In 2017, the National Dairy Plan aimed to use artificial insemination for at least 35 percent of all fertile animals. In fact, semen production has become a norm over the past 15 years, with the number of inseminations up from 20 million to 69.29 million.

“While this method is efficient, it has been found that repeated breeding by means of artificial insemination causes serious reproductive problems in close to 40 percent of the cattle,” Jairoop adds.

Taking stock of this situation, the Uttarakhand State Animal Welfare Board issued directives to dairy farms to improve the conditions of dairy animals. The Cow Progeny Act, although formulated in 2007, recently gained prominence with the state government enforcing the law with stricter vigilance.

Ashutosh Joshi, the Officer in Charge of the Uttarakhand State Animal Welfare Board, says,

We do not differentiate between the sex of the cattle. Calf, bull, or cow - all of them come under the protection of this act. If an animal gets sick, he/she will get treatment from the government veterinary hospital; if he dies, he will get post-mortem certificate from the concerned hospital. What we are saying is that we have to safeguard the life of the cattle.

Selective breeding 

While the rules and laws are in place, discrimination against bullocks continues and, in fact, doesn’t end here. A new technology that allows for selection of the desired gender of a calf is gaining popularity. With this, the chances of a female calf being born increase by almost 80-90 percent.

Through this method, four out of five times the offspring will be female. Though this is currently available for only select breeds in India, the government is now pushing for this because they realise that the males have no value, says M.L. Kamboj, senior scientist at National Dairy Research Institute (NDRI).

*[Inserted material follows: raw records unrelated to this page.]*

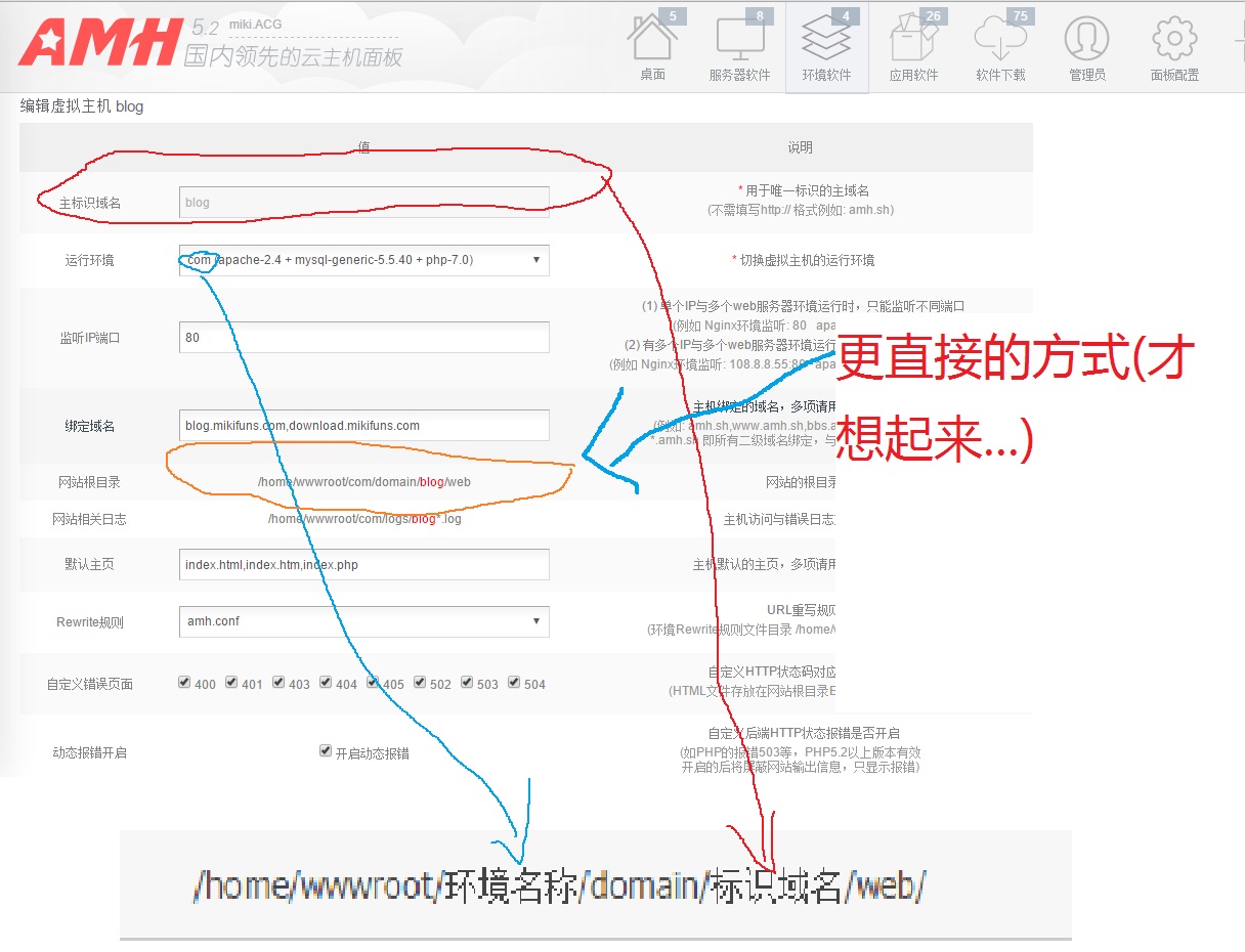 1,按照官方指引显示,一会我们会运行刚才保存的sh文件,所以咱们需要先编辑下. 打开letsencrypt.conf, 然后我们会看到这个: ACCOUNT_KEY="letsencrypt-account.key" *实战时可能略有出入,无太大变化.DOMAIN_KEY="example.com.key" DOMAIN_DIR="/var/www/example.com" DOMAINS="DNS:example.com,DNS:whatever.example.com" #ECC=TRUE #LIGHTTPD=TRUE 这里我们需要编辑的是DOMAIN_KEY DOMAIN_DIR 和 DOMAINS DOMAIN_KEY="你的博客名.com.key" 以本文为例:DOMAIN_KEY="blog.mikifuns.com.key" 懂了啥意思了吧~当然你还可以这么改:DOMAIN_KEY="blog.mikifuns.xyz.key" 或者DOMAIN_KEY="miki.blog.mikifuns.org.key" 总之就按照需求来设定咯~然后DOMAIN_DIR这里必须注意!这里输入的就要是之前你所记录的地址了.(要的是你网站存放的根目录路径) 我估计大家的地址都应该是这样的: /home/wwwroot/环境名称/domain/标识域名/web/ 啥?你没懂?你在看这图:![]() 懂了吧~复制过去就好了 支持 *标识域名/web 后面没有 / !也就是结尾要以web结束,不要打/上去!别问为啥... 支持我也不知道.... 接下来DOMAINS="DNS:example.com,DNS:whatever.example.com"这块的话按需定制了~ 例如你的这个证书要这些域名访问的时候能用:blog.mikifuns.com 的话,这里就这么写: DOMAINS="DNS:blog.mikifuns.com" 当然像我这样用二级的博客站长很少!!大多都是顶级域名直接上是不是!那么我们就这么弄:(还是以mikifuns.com和www.mikifuns.com为例)DOMAINS="DNS:mikifuns.com,DNS:www.mikifuns.com" 当然理论上支持更多的绑定(具体没试过,爱做死的可以试试)例如这样:DOMAINS="DNS:mikifuns.com,DNS:www.mikifuns.com,DNS:mikifuns.xyz,DNS:www.mikifuns.xyz,DNS:mikifuns.pw,DNS:www.mikifuns.pw(等等)" 发现规律了吧~每添加一个新绑定 的域名,你就需要在前面加上:,DNS: 嗯再不懂就还是去好好读书吧...最后两个注释可以看我给大家的技术文档,一般没用,所以略过. [hr] 下一层!实战安装证书!
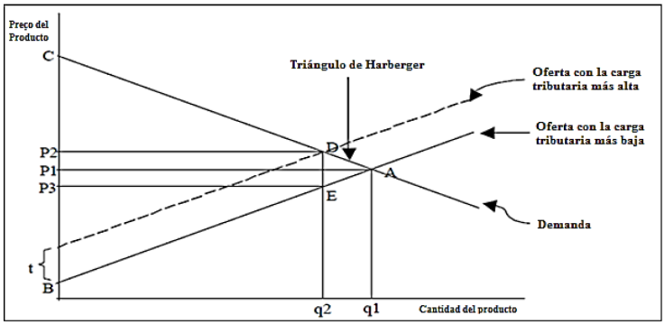 El efecto de la tributación en la economía es destacado por el triángulo de Harberger, en lo que se refiere al estudio resultante del deadwirght loss (exceso de peso o ineficiencia alocativa) causada por los impuestos en los mercados debido a la intervención gubernamental, generando pérdidas en la recaudación tributaria por ineficiencia económica. Se observa que, en la línea de la curva de la demanda y oferta, la forma triangular gana forma con el cambio de la incidencia tributaria como un tercer vértice, donde es posible vislumbrar que cuanto mayor sea la intervención tributaria del gobierno menor será la cantidad consumida, debido a la retracción de la demanda ante el aumento de los precios de los bienes y servicios ofrecidos derivada de la elevación de los tributos (Harberger, 1995).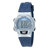 Featuring a sleek design and multiple functions, the Timex Midsize Ironman Watch offers two time zones, 10-lap memory recall, stopwatch with lap and split times, and a top pusher for easy operation. The durable resin case melds with the blue resin band that wraps comfortably around the wrist and fastens with a classic buckle for an adjustable fit. With blue accents framing the curved, rectangular, gray dial, this versatile watch displays day, date, and month information. A strong mineral crystal protects the dial from scratches and scrapes, and this high-performance timepiece is water resistant to 330 feet (100 meters).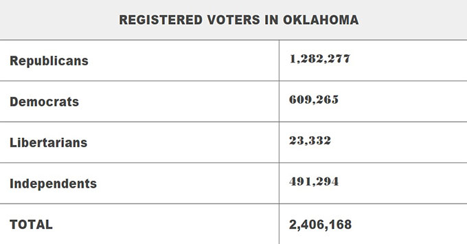 More information, including voter registration statistics and election resources, is available at oklahoma.gov/elections.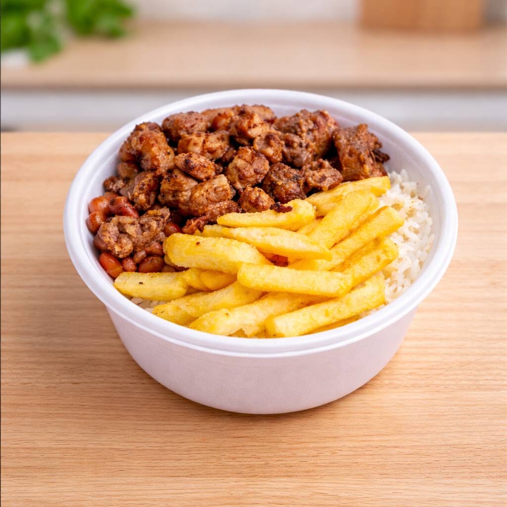 Arroz, Feijão, Pernil Picadinho + Batata Palito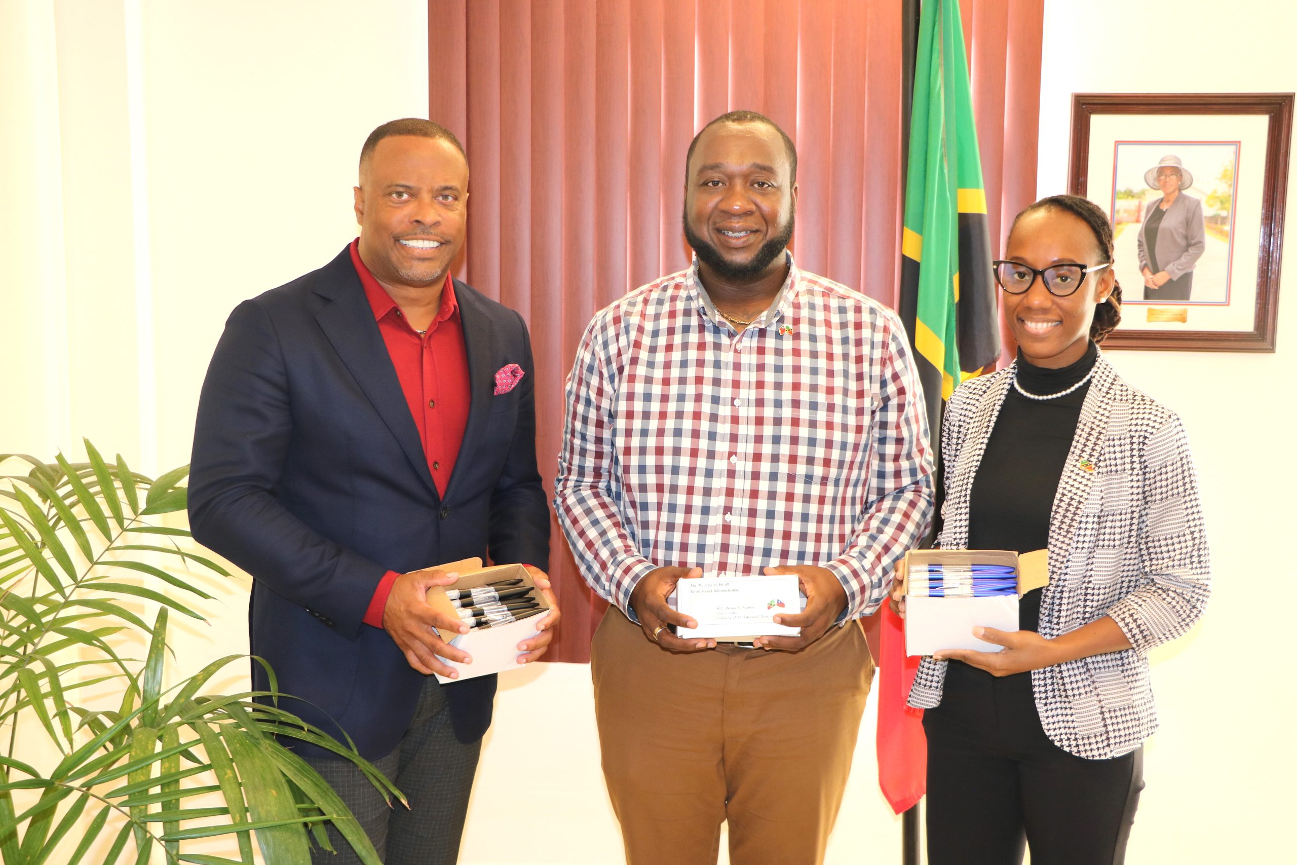 “On behalf of the St. Kitts and Nevis Embassy in Taiwan I would like to donate these pens to the Ministry of Health on Nevis. These pens are multipurpose. You can add rubbing alcohol or any alcohol-based hand sanitizer to these pens and also of course write with these pens, so you write and you clean. As a global health and development major I thought about the health professionals in St. Kitts and Nevis and said let me donate these pens so that we can reduce the instances of health institution-based infections…especially during this season when the flu and other illnesses are appearing, and Covid-19 is still lingering in St. Kitts and Nevis,” he said.

A K Chandrashekhar, deputy director, animal husbandry department of Belagavi, Karnataka in a Times of India report was quoted as saying, "The government is planning to implement sexed semen technique in some districts including Belagavi on a pilot basis. Once it is proved successful, it will be implemented on a long-term basis and extended to all districts.”

Daljeet Singh, president of the Progressive Dairy Farmers’ Association (PDFA) of Punjab, says that despite the high price of this technology, farmers are willing to bear the cost. Semen from a bull with higher genetic merit leads to better milk yields, increases the number of productive lactations, and fat and protein content.

Daljeet annually imports 15,000-20,000 frozen sexed semen doses on behalf of PDFA members from genetics firms such as World Wide Sires, Genex and ABS Global of US, and Semex of Canada.

Selective breeding is already showing its results. In 2015-16, about 670 lakh artificial inseminations were carried out in India, covering an estimated 30 percent of the breed-able cows and buffaloes.

The economic undesirability of male cattle is evident in the gender imbalance — 64.42 percent female and 35.57 percent male in cattle, and 85.18 percent female and 14.8 per cent male in buffalo, says Rajesh Kasturirangan, a mathematician, cognitive scientist and researcher at the Massachusetts Institute of Technology (MIT), Boston.

While Dr Kamboj believes that extinction of this breed is unlikely for at least for the next three decades, the trend of inhumane management of “unwanted” animals is worrying.